US 11,789,909 B2
System and method for automatically managing storage resources of a big data platform
Dan Grebenisan, Whitby (CA); Yue Ma, Mississauga (CA); Peter Sykora, Aurora (CA); Gordon Manway Lam, Richmond Hill (CA); Sarvjot Kaur Kang, Toronto (CA); and Sai Macherla, Toronto (CA)
Assigned to THE TORONTO-DOMINION BANK, Toronto (CA)
Filed by THE TORONTO-DOMINION BANK, Toronto (CA)
Filed on Oct. 19, 2022, as Appl. No. 17/969,453.
Application 17/969,453 is a continuation of application No. 16/829,713, filed on Mar. 25, 2020, granted, now 11,507,622.
Prior Publication US 2023/0046875 A1, Feb. 16, 2023
Int. Cl. G06F 7/00 (2006.01); G06F 16/182 (2019.01); G06F 16/901 (2019.01); G06F 16/906 (2019.01); G06N 20/00 (2019.01); G06F 18/214 (2023.01)
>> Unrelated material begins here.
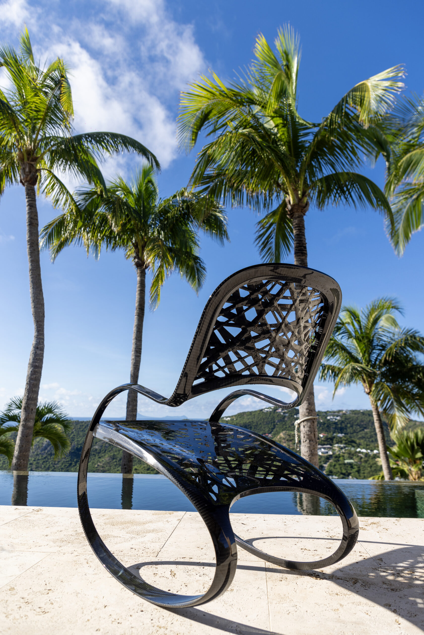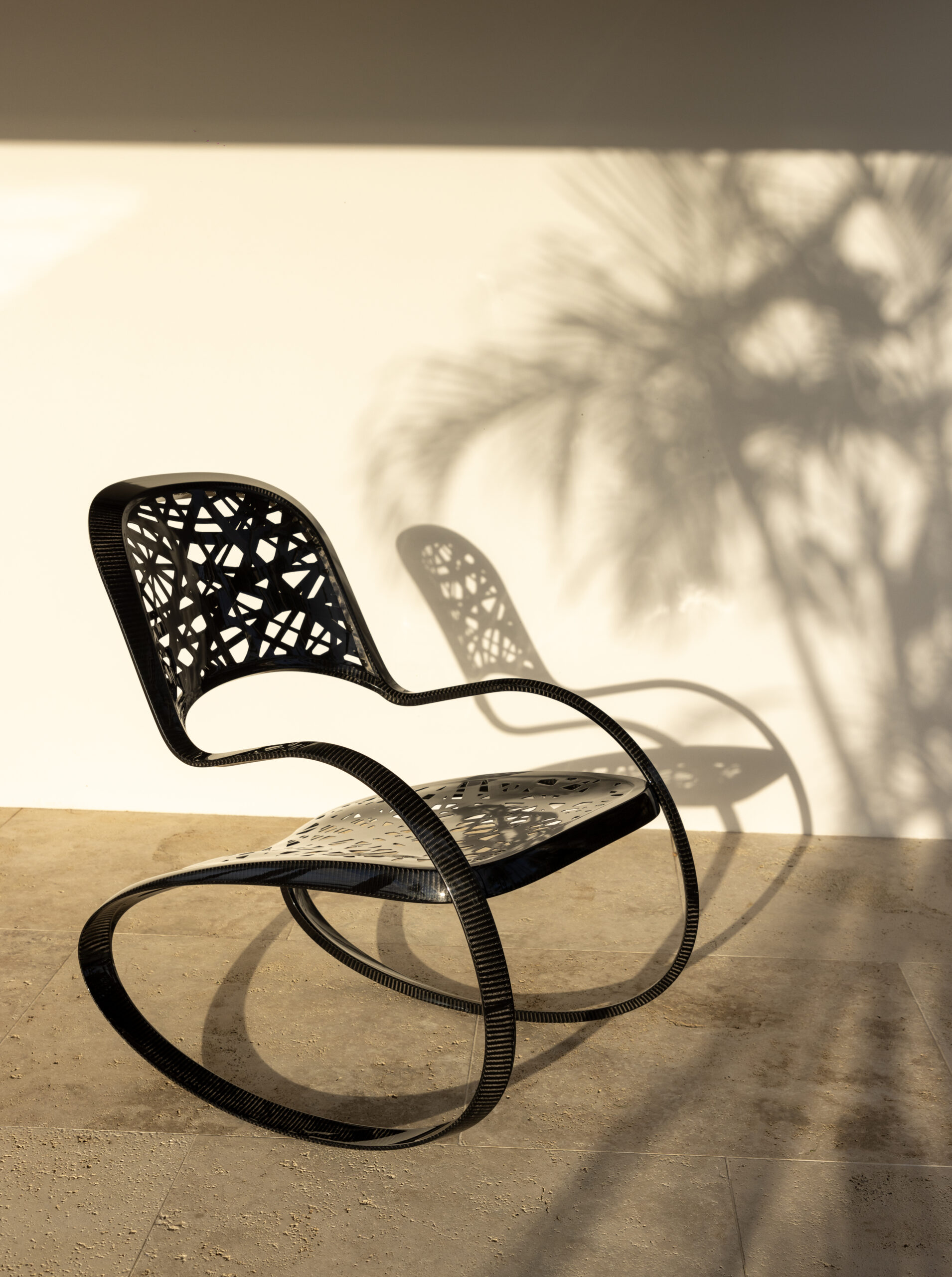 Rocking-chair (chaise à bascule) conçu en carbone creux monobloc, selon un procédé de fabrication française brevetée. La trame de l’assise et du dossier est également en fibre de carbone, réalisée selon une méthode de dépose de bandes de fibres placées sur un moule.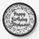 This numeric design has a black and white random number pattern with a black milestone number 25 repeated in varied sizes and angles. There is a white circle in the centre for your text and black-and-white rings around the rim.

CPC G06F 16/182 (2019.01) [G06F 16/906 (2019.01); G06F 16/9017 (2019.01); G06F 16/9027 (2019.01); G06F 18/214 (2023.01); G06N 20/00 (2019.01)] 18 Claims
OG exemplary drawing
 
1. A computer implemented method for automatically managing storage resources of a distributed file system, the method comprising:
obtaining actual past storage usage data of a first directory from a plurality of directories of the distributed file system extending from a past time to a current time;
detecting a space quota limit for the first directory, the space quota limit defining a maximum limit on total storage for the first directory and associated with a pre-defined expected future time defining a maximum time for expecting use of resources of the first directory;
determining, in real-time via a machine learning model, projected storage usage data of the first directory representing a projected storage usage for the first directory over a future time period and as a function of at least one of: a first derivative of a curve representing the actual past storage usage data projected to at least the expected future time, the first derivative being a rate of change of the projected storage usage over time; and a first derivative of a moving average of the curve projected to at least the expected future time;
obtaining an aggregated correction coefficient providing an indication of aggregated projected storage usage needs of all other remaining distributed file system directories from the plurality of directories, relative to the projected storage usage data of the first directory; and
in response to determining an expected value of the projected storage usage data at the expected future time is inconsistent with the space quota limit, adjusting the space quota limit for the first directory to a new quota limit based on the expected value weighted by the aggregated correction coefficient;
wherein weighting by the aggregated correction coefficient is further based upon an obtained value for total disk storage availability of a cluster defined by the plurality of directories of the distributed file system, the total disk storage availability indicating total amount of disk storage currently available for use by the plurality of directories and indicative of degree of possible change between the space quota limit and the new quota limit.